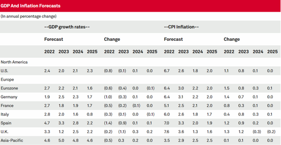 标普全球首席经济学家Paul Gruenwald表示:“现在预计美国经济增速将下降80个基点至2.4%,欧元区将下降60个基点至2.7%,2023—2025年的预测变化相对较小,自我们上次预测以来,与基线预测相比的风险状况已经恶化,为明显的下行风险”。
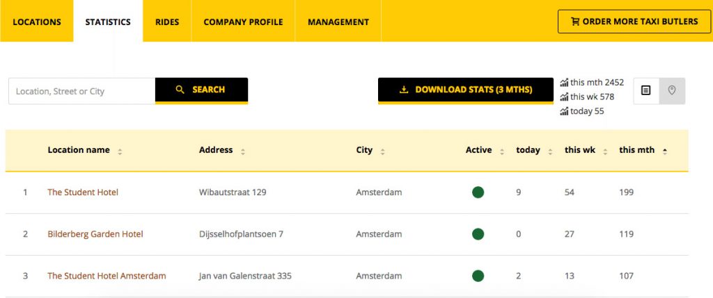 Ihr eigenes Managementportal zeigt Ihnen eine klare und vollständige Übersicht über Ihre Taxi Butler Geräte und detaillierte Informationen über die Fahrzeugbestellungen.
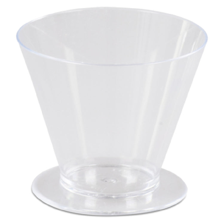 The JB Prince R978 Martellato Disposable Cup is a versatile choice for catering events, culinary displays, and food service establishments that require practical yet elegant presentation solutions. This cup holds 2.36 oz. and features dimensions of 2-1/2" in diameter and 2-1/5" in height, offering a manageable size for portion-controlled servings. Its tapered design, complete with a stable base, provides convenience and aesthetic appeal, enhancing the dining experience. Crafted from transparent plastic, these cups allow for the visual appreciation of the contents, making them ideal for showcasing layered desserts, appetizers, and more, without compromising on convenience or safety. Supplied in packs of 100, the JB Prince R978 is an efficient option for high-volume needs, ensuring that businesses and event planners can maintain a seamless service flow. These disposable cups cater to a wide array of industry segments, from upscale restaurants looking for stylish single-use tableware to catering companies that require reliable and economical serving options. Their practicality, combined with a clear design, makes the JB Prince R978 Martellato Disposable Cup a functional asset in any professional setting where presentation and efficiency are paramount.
+ + + + +
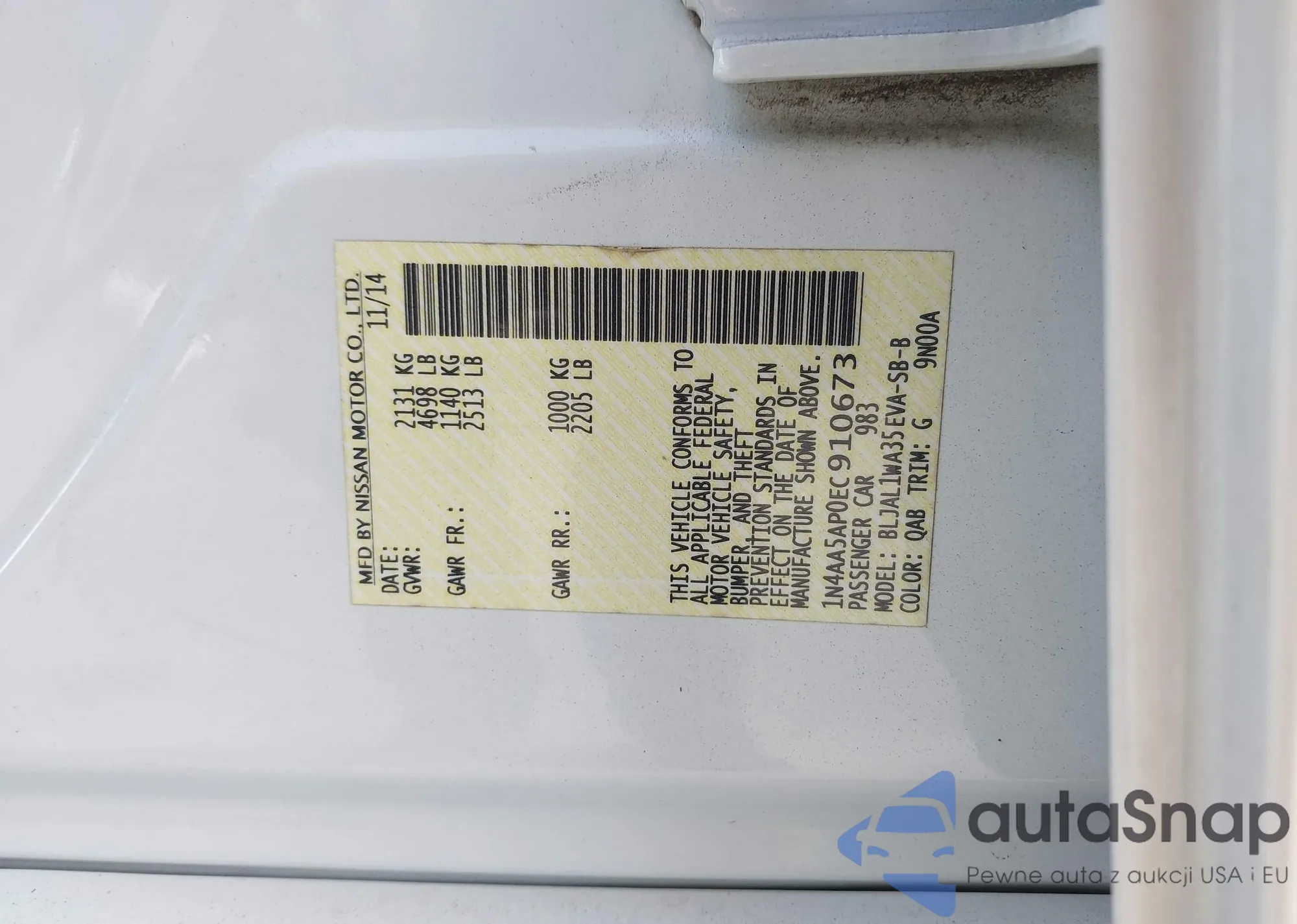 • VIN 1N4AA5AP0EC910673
+ + + + +
#### YOUR ASSIGNMENT:
In the data above, take the line with "Ihr eigenes Managementportal", the line with "The JB Prince R978 Martellato Disposable Cup is", and every line between, and set them down exactly without pictures.

#### EXERCISE ANSWER:
 Ihr eigenes Managementportal zeigt Ihnen eine klare und vollständige Übersicht über Ihre Taxi Butler Geräte und detaillierte Informationen über die Fahrzeugbestellungen.
 The JB Prince R978 Martellato Disposable Cup is a versatile choice for catering events, culinary displays, and food service establishments that require practical yet elegant presentation solutions. This cup holds 2.36 oz. and features dimensions of 2-1/2" in diameter and 2-1/5" in height, offering a manageable size for portion-controlled servings. Its tapered design, complete with a stable base, provides convenience and aesthetic appeal, enhancing the dining experience. Crafted from transparent plastic, these cups allow for the visual appreciation of the contents, making them ideal for showcasing layered desserts, appetizers, and more, without compromising on convenience or safety. Supplied in packs of 100, the JB Prince R978 is an efficient option for high-volume needs, ensuring that businesses and event planners can maintain a seamless service flow. These disposable cups cater to a wide array of industry segments, from upscale restaurants looking for stylish single-use tableware to catering companies that require reliable and economical serving options. Their practicality, combined with a clear design, makes the JB Prince R978 Martellato Disposable Cup a functional asset in any professional setting where presentation and efficiency are paramount.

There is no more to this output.